Benny Moerdani Dan Reformasi TNI

Jenderal TNI LB Moerdani saat dilantik sebagai Pangab
Jakarta (Indonesia Mandiri) – Saat Benny Moerdani dipercaya Presiden Soeharto sebagai Panglima TNI (1983-1988), ada salah satu terobosan penting yang dilakukan untuk memodernisasi TNI sesuai dengan tantangan zaman. Yakni, ia melakukan “perampingan struktur TNI”, agar tetap menjadi alat pertahanan yang memiliki daya tempur hebat, baik di masa damai maupun perang.

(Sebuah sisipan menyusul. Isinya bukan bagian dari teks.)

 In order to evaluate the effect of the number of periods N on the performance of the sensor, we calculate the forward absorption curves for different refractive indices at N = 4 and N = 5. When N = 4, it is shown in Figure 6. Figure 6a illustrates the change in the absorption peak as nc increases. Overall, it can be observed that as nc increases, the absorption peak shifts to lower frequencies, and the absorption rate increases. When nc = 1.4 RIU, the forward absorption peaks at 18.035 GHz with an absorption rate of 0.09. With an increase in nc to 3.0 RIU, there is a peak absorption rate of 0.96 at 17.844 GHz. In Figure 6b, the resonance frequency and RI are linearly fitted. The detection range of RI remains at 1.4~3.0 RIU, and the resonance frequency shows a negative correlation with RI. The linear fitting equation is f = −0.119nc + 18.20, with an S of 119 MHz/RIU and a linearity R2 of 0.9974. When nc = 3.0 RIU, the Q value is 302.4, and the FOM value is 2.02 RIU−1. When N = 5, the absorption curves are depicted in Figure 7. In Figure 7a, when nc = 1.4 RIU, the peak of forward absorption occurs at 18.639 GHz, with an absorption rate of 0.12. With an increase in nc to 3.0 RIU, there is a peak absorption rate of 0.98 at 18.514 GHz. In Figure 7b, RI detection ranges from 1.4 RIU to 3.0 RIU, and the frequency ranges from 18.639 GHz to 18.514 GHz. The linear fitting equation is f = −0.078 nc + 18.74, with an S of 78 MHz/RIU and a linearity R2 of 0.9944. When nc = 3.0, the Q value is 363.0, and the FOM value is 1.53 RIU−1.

Begitu banyaknya Komando Wilayah Pertahanan (Kowilhan) serta Kodam di Indonesia, menyebabkan kurang efektifnya pengembangan TNI AD saat itu. Sehingga, diputuskan untuk melikuidasi Kogabwilhan, seiring dengan kian stabilinya keamanan di dalam negeri. Dan yang paling penting, negara bisa menghemat banyak pegeluaran anggaran untuk sistem pertahanan.

Hari ini, 18 tahun setelah wafatnya Benny (29 Agustus), kita saksikan struktur organisasi TNI justru “melebar”. Jalur Kogabwilhan dihidupkan Kembali menjadi tiga, dengan jatah perwira tinggi bintang tiga dari setiap matra (Pangkogabwilhan I dari TNI AL, Pangkogabwilhan II TNI AU dan Pangkogabwilhan III untuk TNI AD). Jumlah Kodam di era Benny diciutkan dari 16 menjadi 8. Kini di 2022, justru menjadi 15 Kodam.

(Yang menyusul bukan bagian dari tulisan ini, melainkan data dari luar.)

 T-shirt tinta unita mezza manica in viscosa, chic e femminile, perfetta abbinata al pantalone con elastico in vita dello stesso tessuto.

Dalam buku yang ditulis salah satu stafnya yang menjadi Asisten Perencanaan Umum (Asrenum) Panglima TNI, Marsekal Muda TNI Teddy Rusdi (almarhum/Purn), Jenderal LB Moerdani, Generasi Jembatan TNI (2016), dikemukakan tentang rencana Benny yang sudah cukup lama memperhatikan soal reorganisasi TNI, peningkatan profesionalisme prajurit (small combat unit) dan efisiensi anggaran.

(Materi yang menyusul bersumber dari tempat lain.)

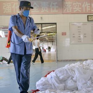 8月23日,北京客运段洗涤车间的工作人员在进行洗涤前卧具防疫消杀工作。

Profesionalisme prajurit tetap menjadi prioritas
Sebenarnya kebijakan yang ditempuh Benny di masanya, masih relevan bila diterapkan sekarang. Apalagi kondisi keuangan negara saat ini sedang serba sulit. Kebijakan reformasi atau reorganisasi TNI di masa Bennya untuk justru memberi penekanan pada kesejahteraan prajurit dan perlengkapannya atau alat utama sistem senjata (alutsista). Bukan memperbesar organisasi bagi perwira tingginya (top heavy). Karena dengan banyaknya perwira tinggi, konsekuensinya anggaran yang disediakan untuk jabatan tersebut juga sangat besar (abriyanto/wartawan IndonesiaMandiri).